HEAVY rain has soaked the River Adur flood plain around Steyning and Upper Beeding.
Herald chief photographer Stephen Goodger captured the scene from the top of Steyning Bowl on Thursday.
He said the water levels were high, but nowhere near the worst he had seen over his time on the newspaper, including a few years ago, when the grassy area east of the A283 resembled a river.
The major river floodplains in the eastern part of the South Downs are made up of a series of enclosed fields, bounded by ditches and occasional hedgerows.
The River Adur flood plain, beyond Steyning and Upper Beeding, is part of a wide, flat area at the base of a distinctive U-shaped valley.
The Environment Agency said the main source of flood risk in the Adur area was from the river, made worse by the influence of the tide and surface water flooding.
Flood risk management in the Adur catchment has historically relied on the flood defence embankments along the River Adur, north of the A259 road bridge and beyond Steyning and Upper Beeding.
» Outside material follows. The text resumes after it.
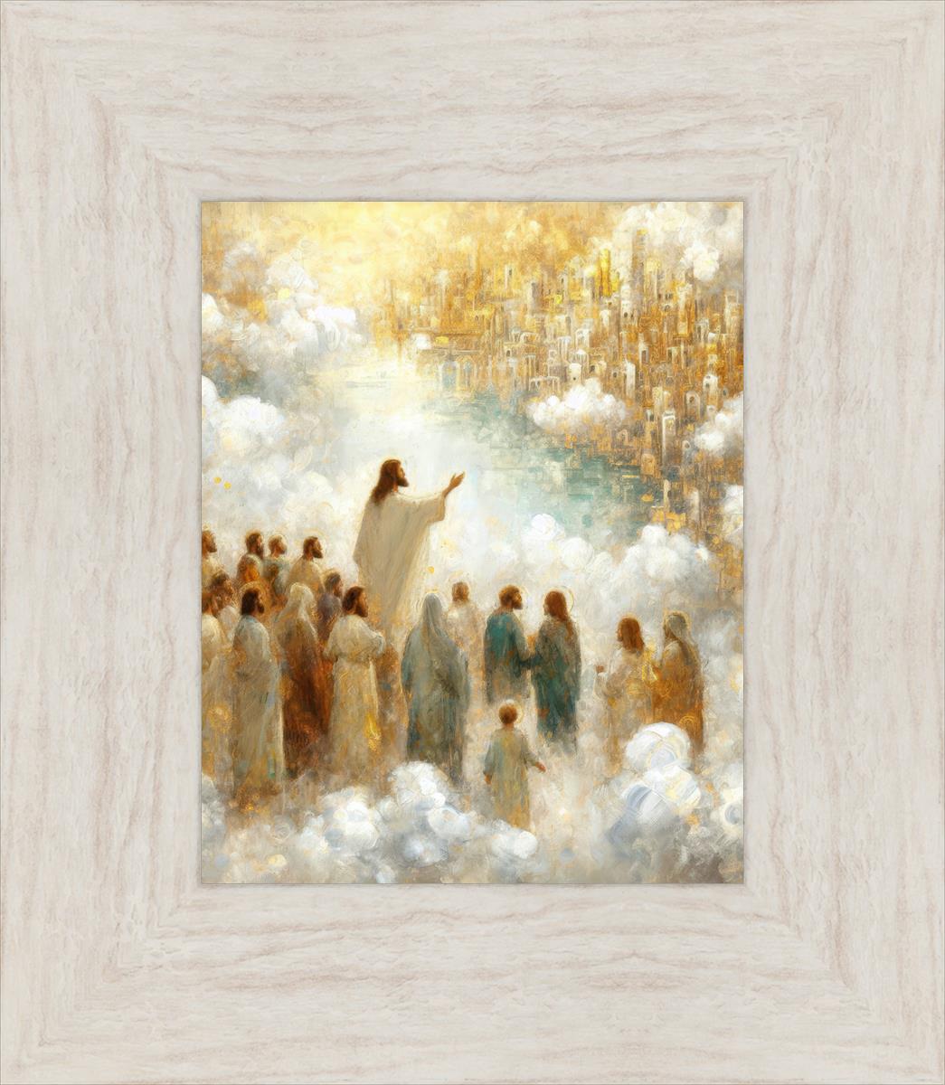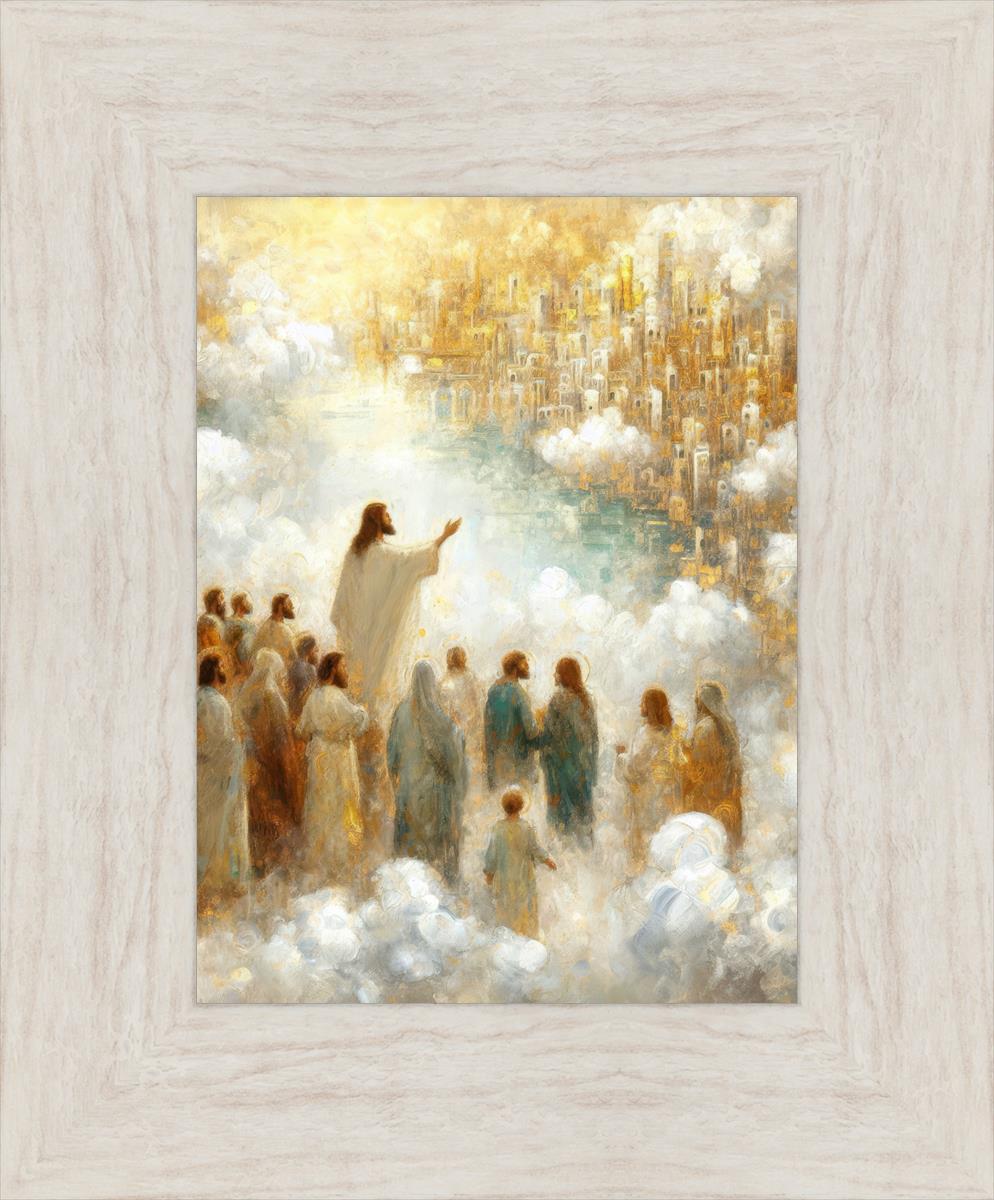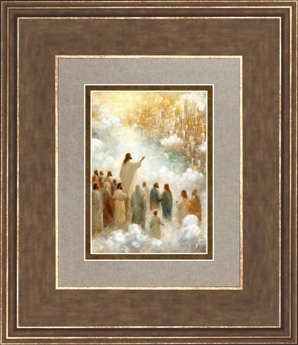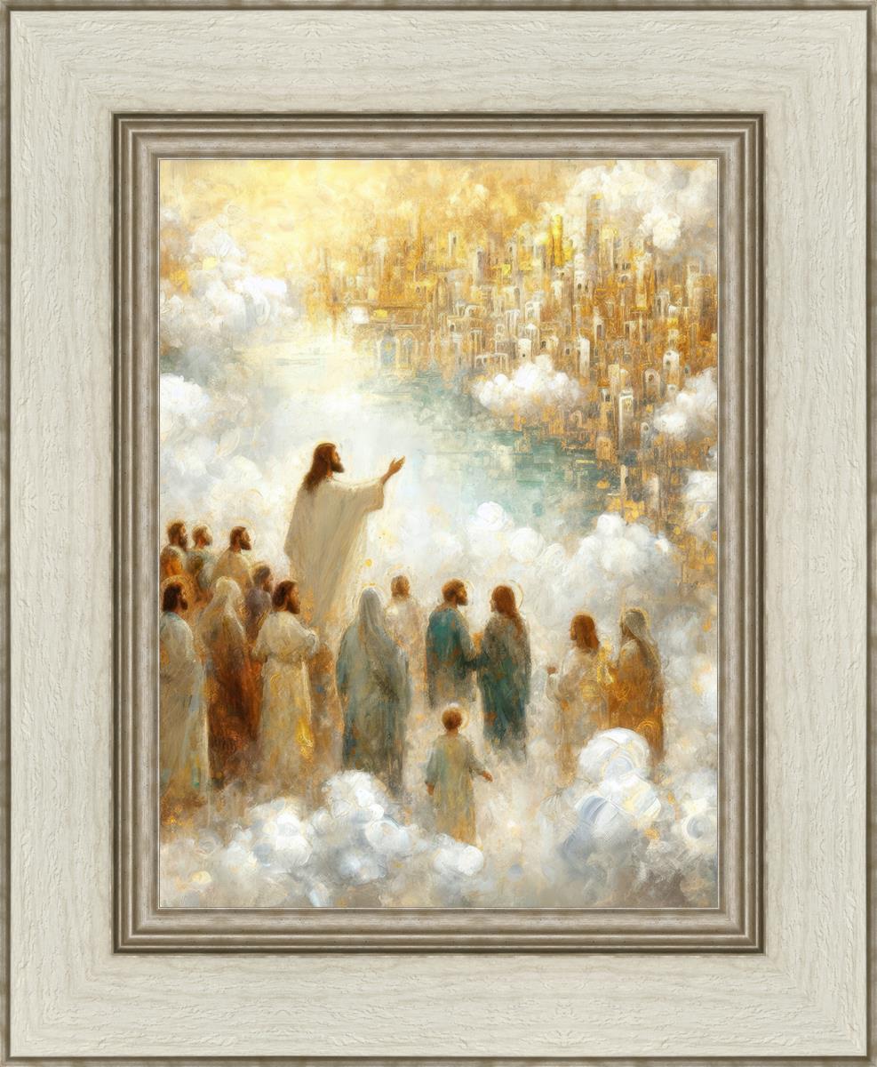 In creating “Kingdom Come”, we wanted to capture the deep longing in Jesus' prayer from the book of Matthew, "Your kingdom come, your will be done, on earth as it is in heaven." This scene shows Jesus surrounded by a crowd, all looking toward a radiant city in the distance - a vision of heaven breaking through to our world. For us, this piece reflects a hope for transformation: that our lives and communities could mirror the peace, love, and justice of God’s kingdom.

In Steyning and Upper Beeding, a combination of high tide and increased river levels can lead to overtopping of the defences.
The agency’s flood management plan states: “Extended periods of high water levels in the River Adur prevent drainage from land behind the defences, often causing the land to become seasonally waterlogged.
“This can produce a flashy response to heavy rainfall resulting in surface water flooding. This can also, on occasions, overwhelm nearby urban drainage systems resulting in localised urban flooding.”